We're done. Closing out:
* THE RACE FOR GOVERNOR: Curtis Coleman did announce again as a Republican candidate. Hope he stays in. A contested Republican primary will reduce mischief-making in the Democratic primary. Some of his boilerplate:
We’re falling farther behind, and it’s not because we don’t have great people, or abundant resources or even good roads. We’re falling farther behind because Arkansas has the most onerous, anti-business job-unfriendly tax and regulatory codes of any state we touch.
* STRANGLING GOVERNMENT: Republican Rep. Bruce Westerman is still sitting on his bill to arbitrarily cap state spending because of lack of support. (He's talking about changing it, but Gov. Mike Beebe says what he proposes is no fix.) But he's moving on other fronts to reduce government, beginning with a bill that would reduce environmental protection. The linked analysis says his proposal would reduce funding in the Department of Environmental Quality's Solid Waste Division, a move that could cut in half the 35-person staff that oversee landfills and recycling efforts.
* EXPANDING GOVERNMENT: A ray of good news. The Federal Health and Human Services Department has details here on $42 million that Arkansas will receive the next few years to implement an innovative health care plan. This is the system to reward doctors for good results on a continuum of care for health episodes. Arkansas is in the vanguard of six states chosen to develop model programs. Said the announcement: "The six selected states will use funds to test multi-payer payment and service delivery models, including approaches already under way at CMS, such as Accountable Care Organizations, on a broader scale within their state. Through the State Innovation Model Testing awards, CMS will learn whether these new models produce greater results when implemented broadly and combined with additional state-wide reforms." The State announced the news here.
* DEMOCRATS TARGET ARKANSAS REPUBLICANS: The Democratic Congressional Campaign Committee has bought web advertising to target the role of Arkansas Republican Rep. Tom Cotton of the Club for Growth in the coming federal budget cuts. See above. See the jump for news release. They're doing the same on Tiny Tim Griffin of Perryville, too. And also Rick Crawford of Jonesboro.

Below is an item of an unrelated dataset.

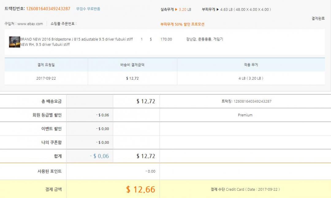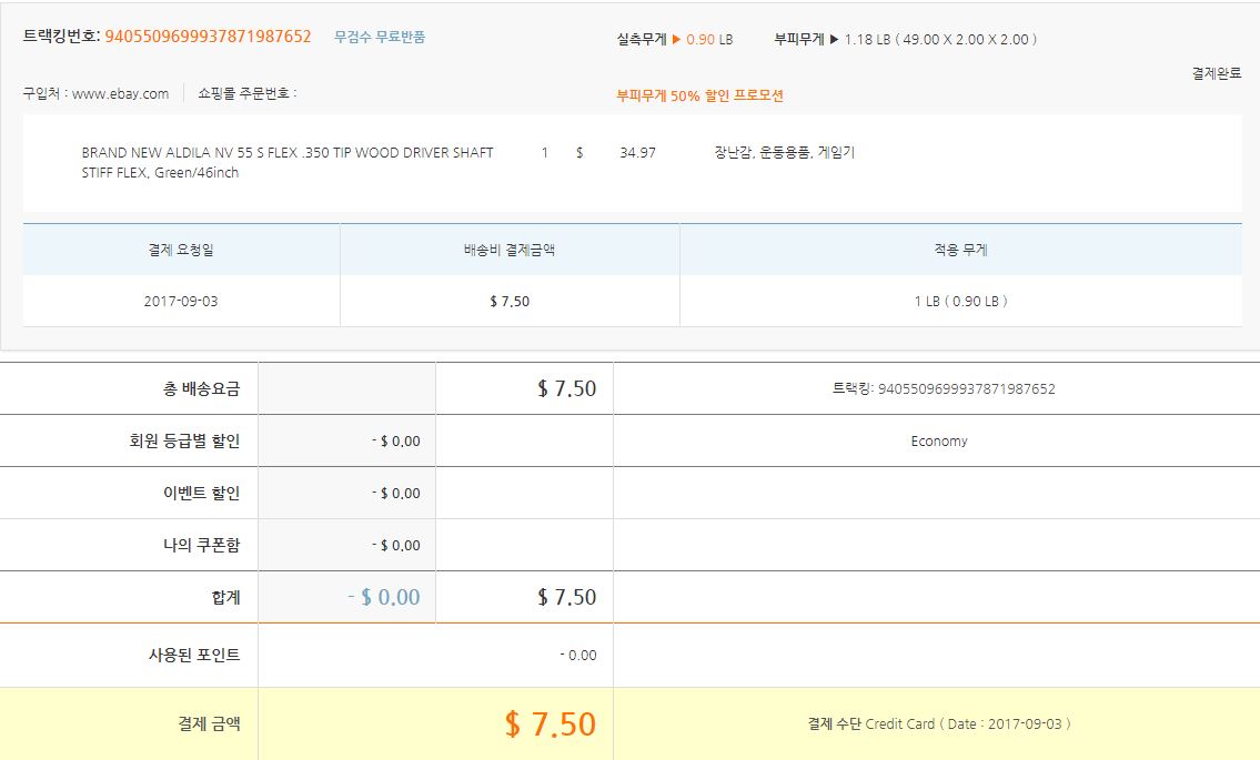 이베이에서 몇번 샤프트를 구매해서 배대지 거쳐 받은 경험이 있습니다만 이렇게 어이없는 배송비 책정은 첨이네요.

SPEAKING OF TOM COTTON: I think he's getting attention because of growing belief he'll challenge U.S. Sen. Mark Pryor next year. And I think, in turn, that's why you're hearing more open talk of what Sen. Bruce Maloch of Magnolia has made clear for some time — he's considering a race for 4th District Congress. And wouldn't it be fun if those dominoes fall if Teabagger Nate Bell of Mena takes on Lane Jean of Magnolia in the Republican primary for the seat, as many think might happen.
DCC NEWS RELEASE:
As House Republicans stubbornly stand with millionaires and force potentially staggering job losses for the middle class, the Democratic Congressional Campaign Committee is launching paid grassroots advertising to hold Congressman Tom Cotton accountable for the thousands of layoffs and other costs in the upcoming sequester.
“Your Pink Slip” begins today and is the first phase of the campaign, featuring a web ad that highlights the consequences of Tea Party House Republicans protecting millionaires instead of the middle class and forcing the sequester to happen.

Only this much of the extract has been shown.